Manual approach: Check 1000 questionnaires one by one (exhausting)
Loop approach: Write checking logic once, automatically process 1000 times (easy)

Stata/R Comparison:

Stata: foreach, forvalues, while
R: for, while, apply family
Python: for, while

for Loop

1. Iterating Through Lists

python

# Student roster
students = ["Alice", "Bob", "Carol", "David"]

# Print one by one
for student in students:
    print(f"Student: {student}")

# Output:
# Student: Alice
# Student: Bob
# Student: Carol
# Student: David

Syntax:

python

for variable in sequence:
    code to execute

2. Iterating Through Number Ranges

python

# range(n): generates 0 to n-1
for i in range(5):
    print(i)

# Output: 0 1 2 3 4

# range(start, end): generates start to end-1
for i in range(1, 6):
    print(i)

# Output: 1 2 3 4 5

# range(start, end, step): specify step size
for i in range(0, 10, 2):
    print(i)

# Output: 0 2 4 6 8

3. Stata/R Comparison

Stata Example:

stata

* Stata
forvalues i = 1/5 {
    display `i'
}

foreach var in age income education {
    summarize `var'
}

R Example:

# R
for (i in 1:5) {
  print(i)
}

for (var in c("age", "income", "education")) {
  print(summary(data[[var]]))
}

Python Example:

python

# Python
for i in range(1, 6):
    print(i)

variables = ["age", "income", "education"]
for var in variables:
    print(f"Statistics for variable {var}")

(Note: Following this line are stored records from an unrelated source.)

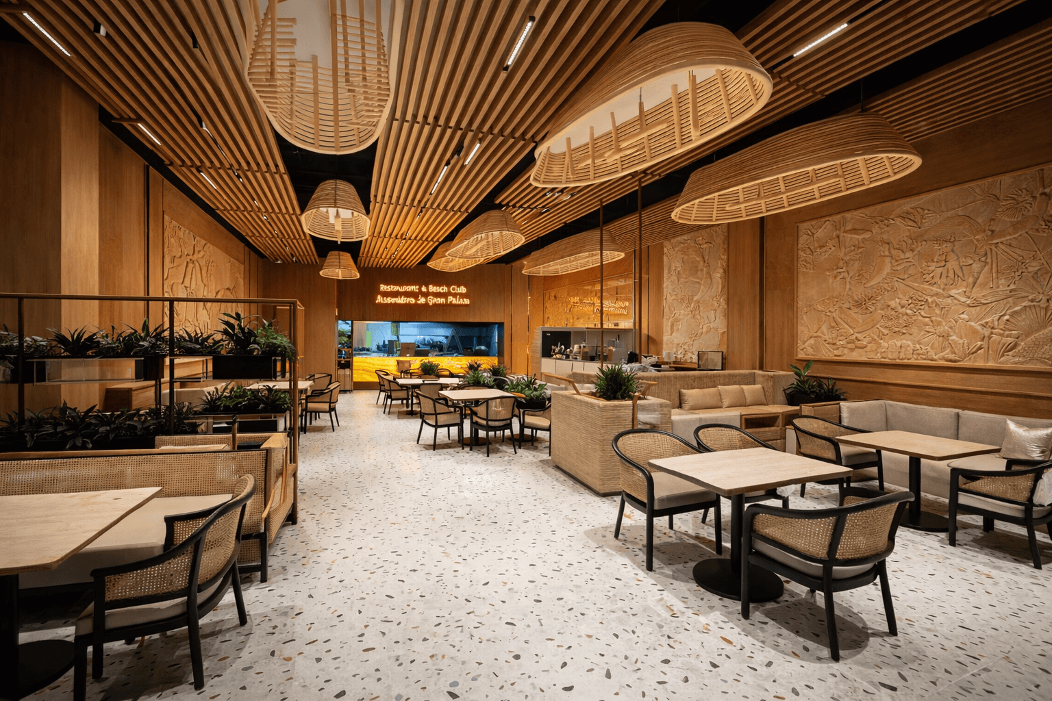 The concept focused on a warm, contemporary dining experience, using wood textures, sculptural ceiling elements, and soft lighting to create a distinctive restaurant identity.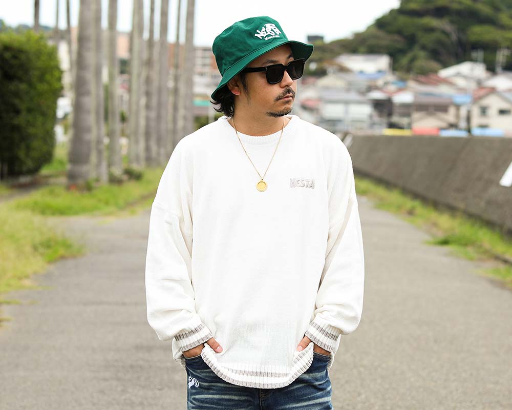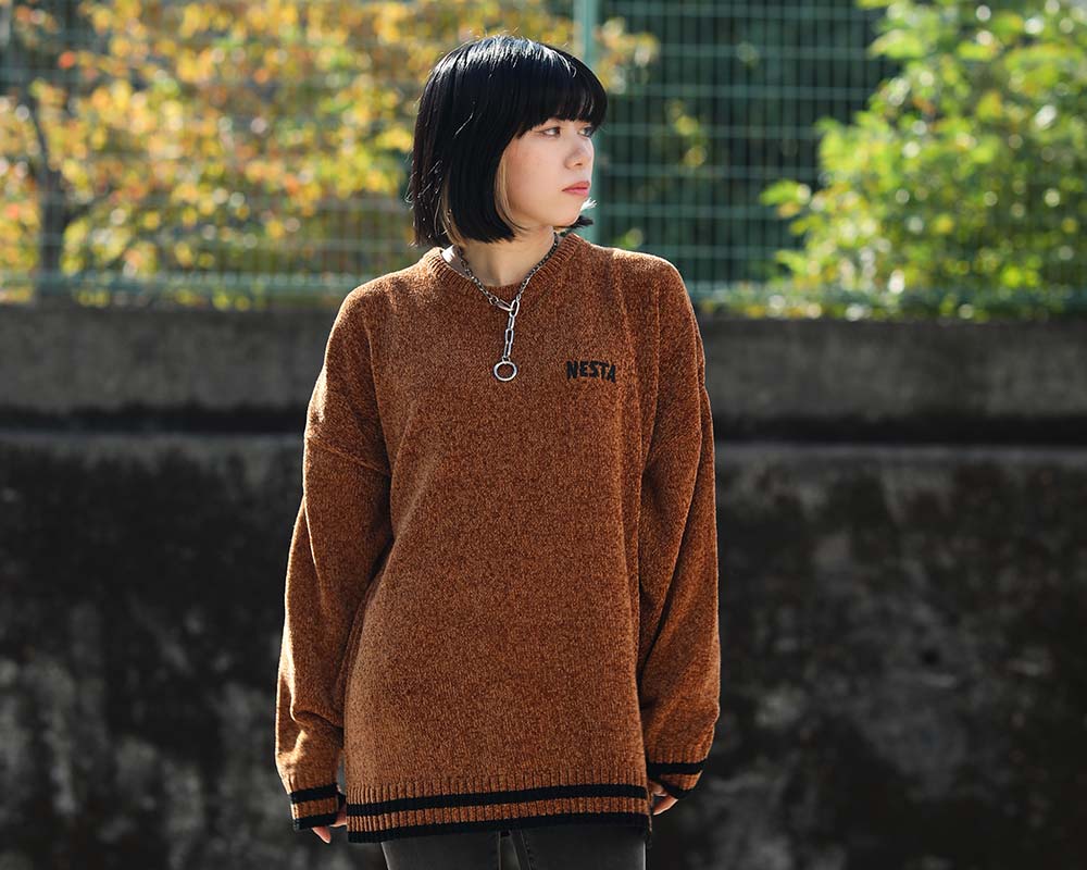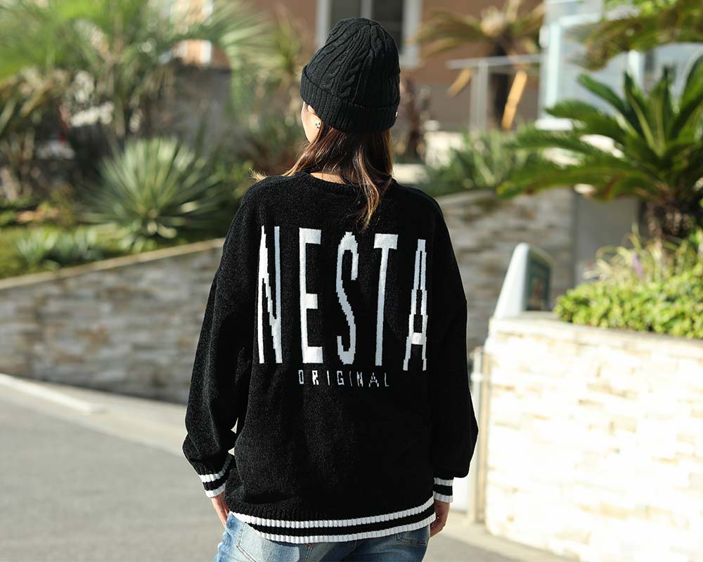 [NESTA BRAND] ウォッシャブル モール ジャカード ビッグ ロゴ クルーニット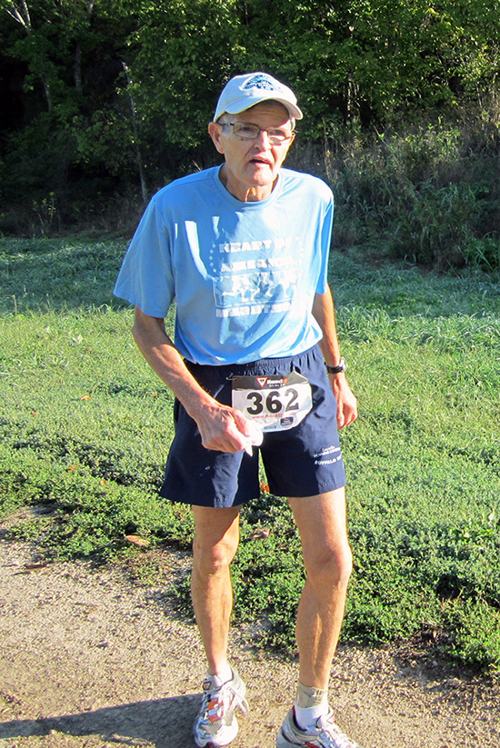 Bob Dewar (Springfield, Missouri, 1st place male 60-69). Frankly, I think Bob's 2:11:28 finish may have been the most impressive performance of the day. (Download)

Practical Cases: Data Processing

Case 1: Batch BMI Calculation

python

# Respondent data
heights = [170, 165, 180, 175, 160]  # cm
weights = [65, 55, 80, 70, 50]       # kg

# Batch calculate BMI
bmis = []
for i in range(len(heights)):
    height_m = heights[i] / 100
    bmi = weights[i] / (height_m ** 2)
    bmis.append(bmi)
    print(f"Respondent {i+1}: BMI = {bmi:.2f}")

# Output:
# Respondent 1: BMI = 22.49
# Respondent 2: BMI = 20.20
# Respondent 3: BMI = 24.69
# ...

More Pythonic Approach (Using zip):

python

heights = [170, 165, 180, 175, 160]
weights = [65, 55, 80, 70, 50]

for i, (h, w) in enumerate(zip(heights, weights), start=1):
    height_m = h / 100
    bmi = w / (height_m ** 2)
    print(f"Respondent {i}: BMI = {bmi:.2f}")

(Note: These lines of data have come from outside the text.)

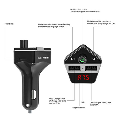 Trasmettitore FM per Auto, Vingtank Trasmettitore Bluetooth Wireless per Auto Veicoli Lettore Musica con Doppia Porta USB di Ricarica per iPhone, Samsung and other smartphones (Nero)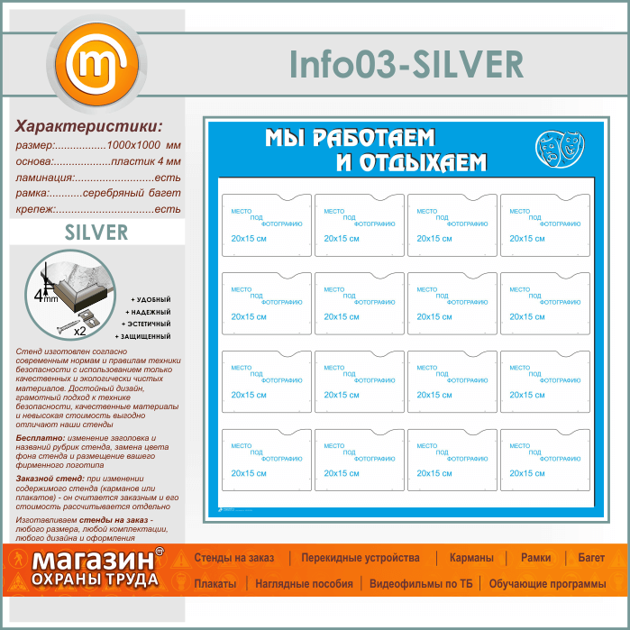 Стенд «Мы работаем и отдыхаем» с 16 карманами А5 формата (IN-03-SILVER) в Кызыле купить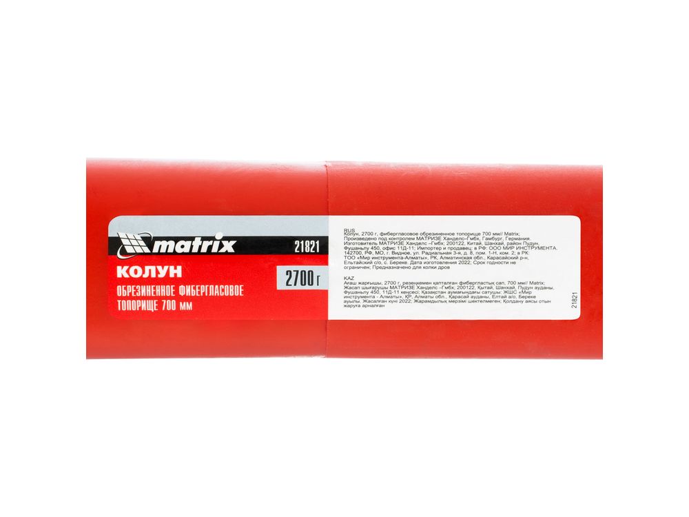 Колун Matrix 21821 с полотном массой 2700 г и фибергласовым обрезиненным топорищем длиной 700 мм предназначен для колки крупных дров. С тыльной стороны рабочей части имеется небольшой боек, который можно использовать вместо кувалды.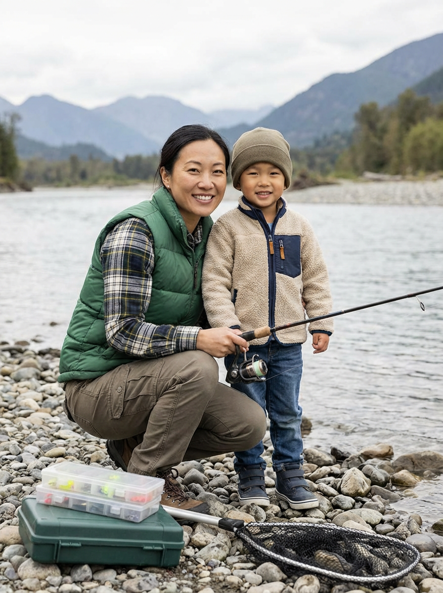 model at fishing spot, father-child bonding, casual outdoor gear, lake or river setting

Case 2: Data Quality Check

python

# Survey data (age column)
ages = [25, 30, -5, 150, 45, 28, 0, 35]

# Check for outliers
print("=== Age Data Quality Check ===")
valid_count = 0
invalid_count = 0

for i, age in enumerate(ages, start=1):
    if age < 0 or age > 120:
        print(f"✗ Data {i} abnormal: {age}")
        invalid_count += 1
    elif age == 0:
        print(f"⚠️  Data {i} suspicious: {age}")
    else:
        print(f"✓ Data {i} normal: {age}")
        valid_count += 1

print(f"\nSummary: {valid_count} normal, {invalid_count} abnormal")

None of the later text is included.